The central-coordinator model is a bottleneck, but it is a bottleneck practitioners understand. The decentralized alternative posts better numbers on structured benchmarks and halves the cost. The open question is whether it can handle the messy, conflicting, overlapping tasks that make up most real multi-agent work. The answer to that question will determine whether shared context becomes the default coordination mechanism or remains a specialized technique for well-partitioned problems.

Frequently Asked Questions

What does a team migrating from CrewAI to a shared-context model actually need to build?

CrewAI’s manager agent handles task decomposition, routing, and error recovery out of the box. Replacing it requires building a verified context store with read/write gating, a task queue that agents can pull from autonomously, and a verification function that validates outputs before they become visible to other agents. Teams also need a conflict resolution layer that CrewAI never required, because the manager previously serialized all decisions. The DeLM paper does not specify an off-the-shelf implementation of any of these components.

How does DeLM’s verification step differ from consensus protocols like Raft or Paxos?

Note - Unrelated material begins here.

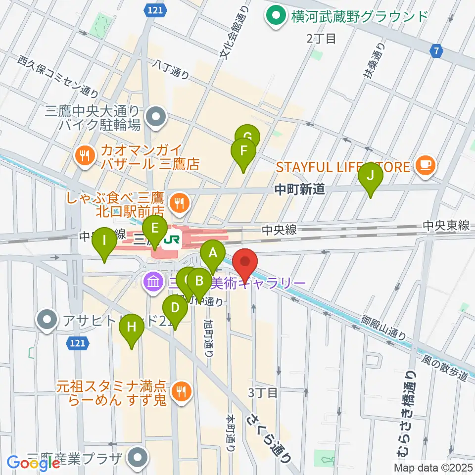 ヤマノミュージックセンター三鷹周辺のコンビニエンスストア一覧地図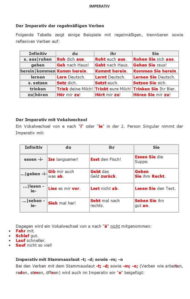 Imperative Gegenlesen Check Forms Rules Examples Translation Definition Exercises Downloads

Raft and Paxos solve agreement on a single value among known participants with strong consistency guarantees. DeLM’s verification validates individual agent outputs against task requirements before writing them to shared context, but it does not establish ordering or agreement across concurrent writes. Two agents can pass verification with contradictory results, and both can land in the context store. The verification step is closer to a type check than a consensus round.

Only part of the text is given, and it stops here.